### RECORDED DATA:
++++++++++
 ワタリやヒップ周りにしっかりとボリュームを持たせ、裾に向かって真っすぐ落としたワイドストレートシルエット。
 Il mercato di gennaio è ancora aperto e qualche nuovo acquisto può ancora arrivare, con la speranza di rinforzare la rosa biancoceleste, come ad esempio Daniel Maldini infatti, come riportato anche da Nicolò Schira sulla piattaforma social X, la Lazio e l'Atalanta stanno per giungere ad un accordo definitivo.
++++++++++
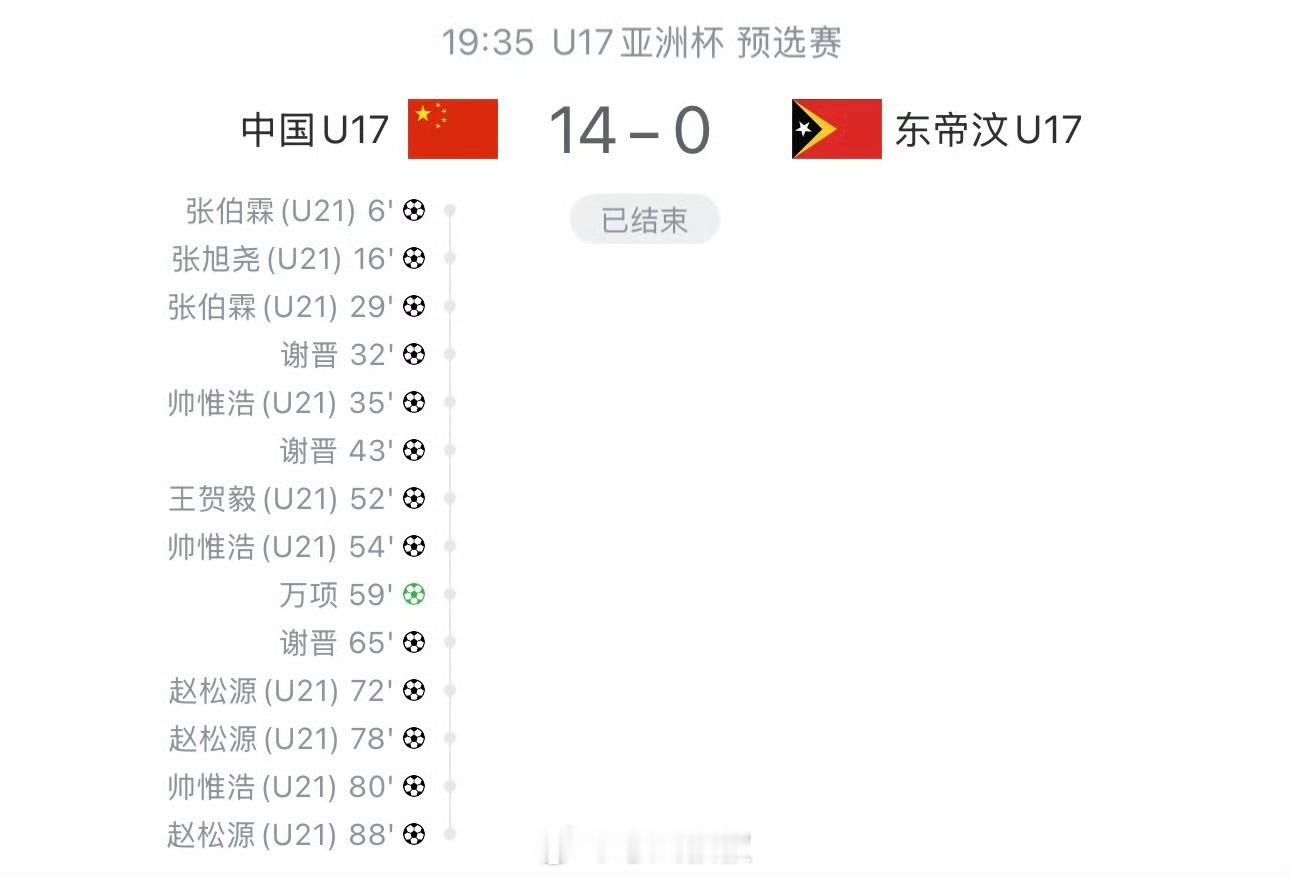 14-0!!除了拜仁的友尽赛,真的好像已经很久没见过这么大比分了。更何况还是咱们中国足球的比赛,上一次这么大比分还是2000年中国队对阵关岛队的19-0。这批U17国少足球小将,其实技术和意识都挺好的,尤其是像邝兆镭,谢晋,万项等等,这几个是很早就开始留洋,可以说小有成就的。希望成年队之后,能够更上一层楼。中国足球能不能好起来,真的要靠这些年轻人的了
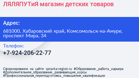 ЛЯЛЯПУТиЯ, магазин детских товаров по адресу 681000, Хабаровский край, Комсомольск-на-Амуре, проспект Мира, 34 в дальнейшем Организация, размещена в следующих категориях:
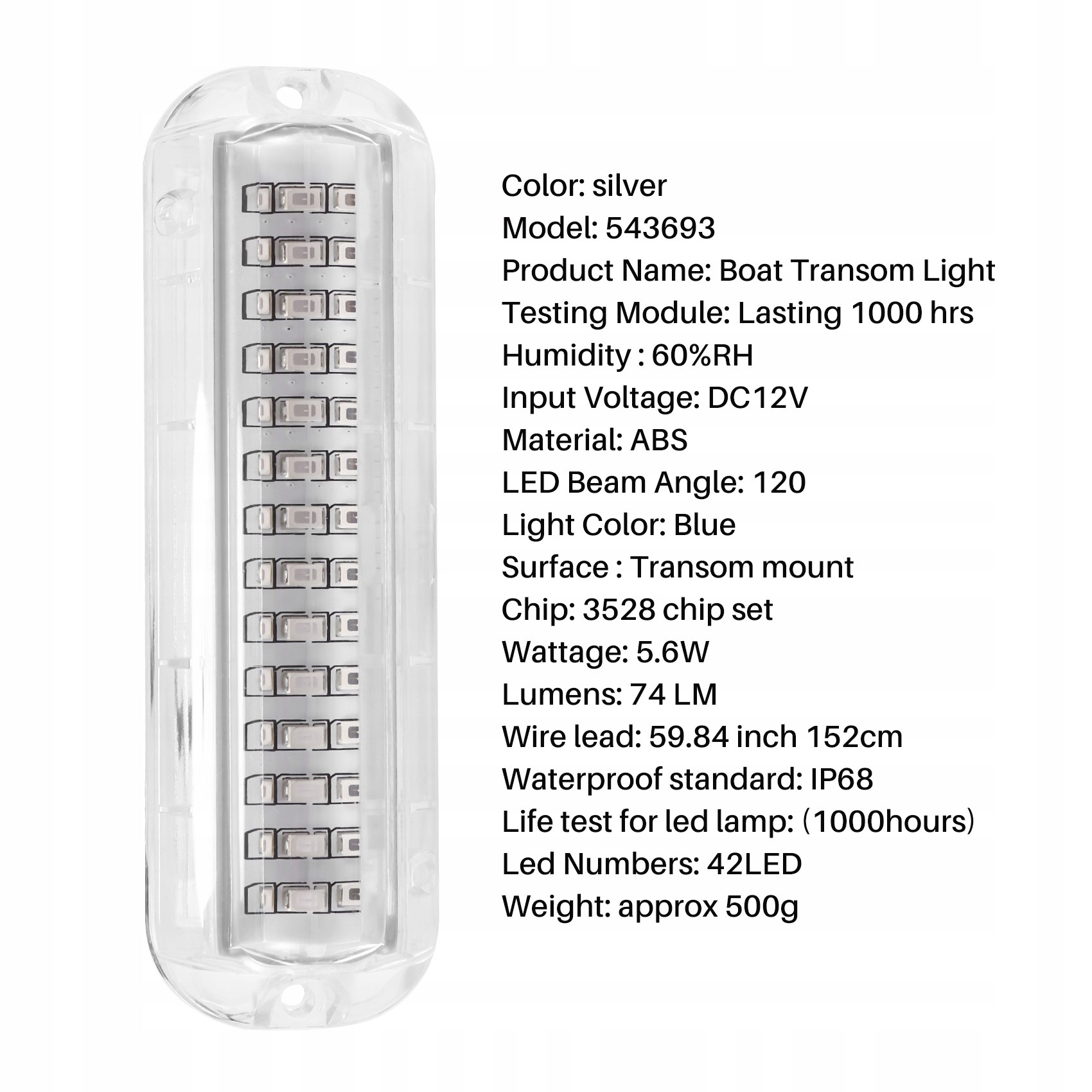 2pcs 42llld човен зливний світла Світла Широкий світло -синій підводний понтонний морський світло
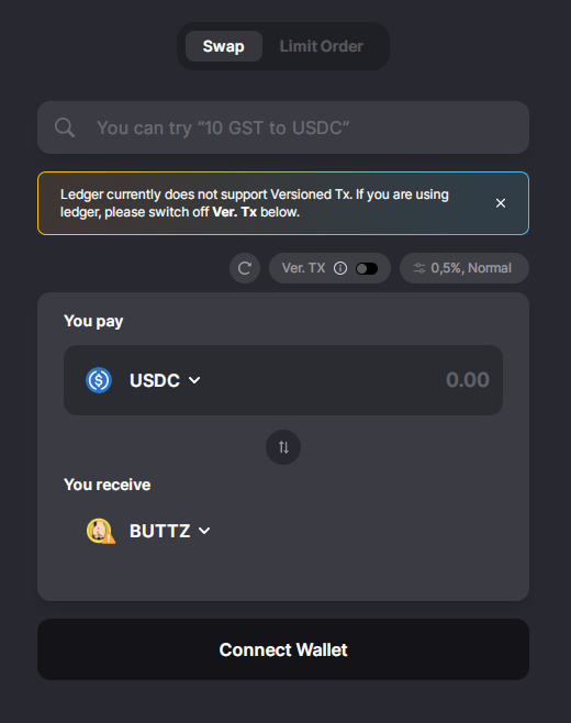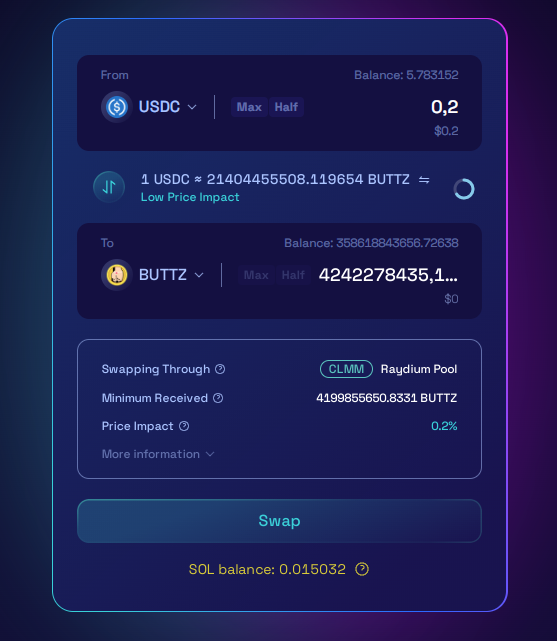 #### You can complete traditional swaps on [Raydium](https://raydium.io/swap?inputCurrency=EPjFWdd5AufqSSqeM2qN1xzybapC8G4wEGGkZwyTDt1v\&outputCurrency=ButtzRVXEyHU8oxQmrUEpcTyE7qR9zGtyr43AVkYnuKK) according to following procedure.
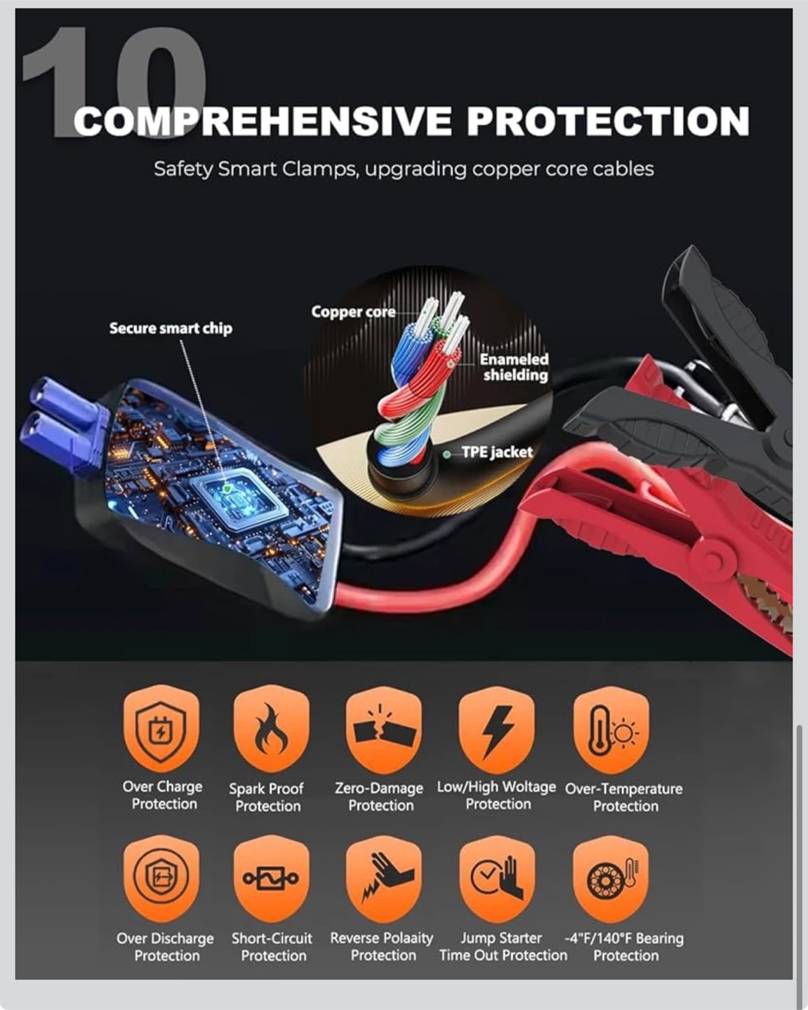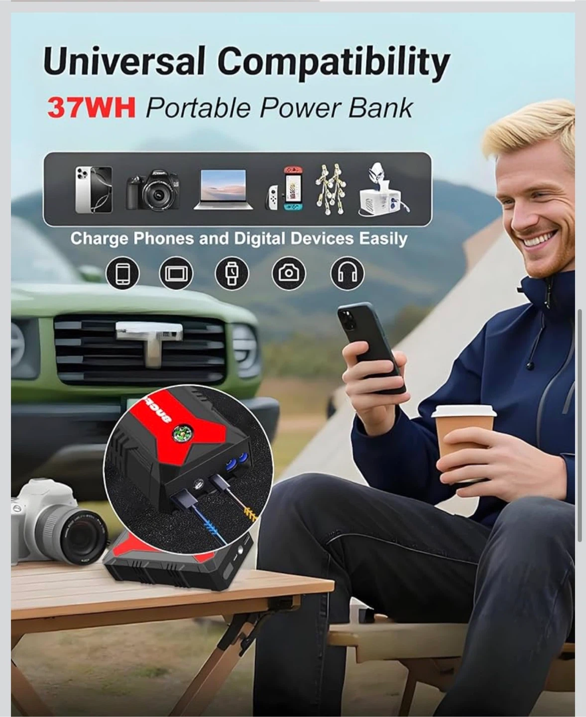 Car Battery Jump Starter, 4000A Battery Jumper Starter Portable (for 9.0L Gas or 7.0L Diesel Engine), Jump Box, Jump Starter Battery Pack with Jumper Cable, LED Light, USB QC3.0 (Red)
++++++++++
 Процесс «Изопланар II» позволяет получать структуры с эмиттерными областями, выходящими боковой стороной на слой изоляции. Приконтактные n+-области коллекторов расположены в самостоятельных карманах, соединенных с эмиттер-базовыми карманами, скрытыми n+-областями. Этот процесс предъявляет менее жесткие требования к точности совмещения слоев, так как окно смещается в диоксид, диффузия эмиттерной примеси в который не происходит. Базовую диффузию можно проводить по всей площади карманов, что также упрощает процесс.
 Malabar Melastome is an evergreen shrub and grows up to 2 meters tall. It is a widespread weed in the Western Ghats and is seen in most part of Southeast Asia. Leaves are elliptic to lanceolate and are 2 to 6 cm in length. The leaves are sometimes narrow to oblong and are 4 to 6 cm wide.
++++++++++
The expected output is the lines above from the one containing "ЛЯЛЯПУТиЯ, магазин детских" to the one containing "Car Battery Jump", both ends included, reproduced exactly with every picture left out.

### RESPONSE:
 ЛЯЛЯПУТиЯ, магазин детских товаров по адресу 681000, Хабаровский край, Комсомольск-на-Амуре, проспект Мира, 34 в дальнейшем Организация, размещена в следующих категориях:
 2pcs 42llld човен зливний світла Світла Широкий світло -синій підводний понтонний морський світло
 #### You can complete traditional swaps on [Raydium](https://raydium.io/swap?inputCurrency=EPjFWdd5AufqSSqeM2qN1xzybapC8G4wEGGkZwyTDt1v\&outputCurrency=ButtzRVXEyHU8oxQmrUEpcTyE7qR9zGtyr43AVkYnuKK) according to following procedure.
 Car Battery Jump Starter, 4000A Battery Jumper Starter Portable (for 9.0L Gas or 7.0L Diesel Engine), Jump Box, Jump Starter Battery Pack with Jumper Cable, LED Light, USB QC3.0 (Red)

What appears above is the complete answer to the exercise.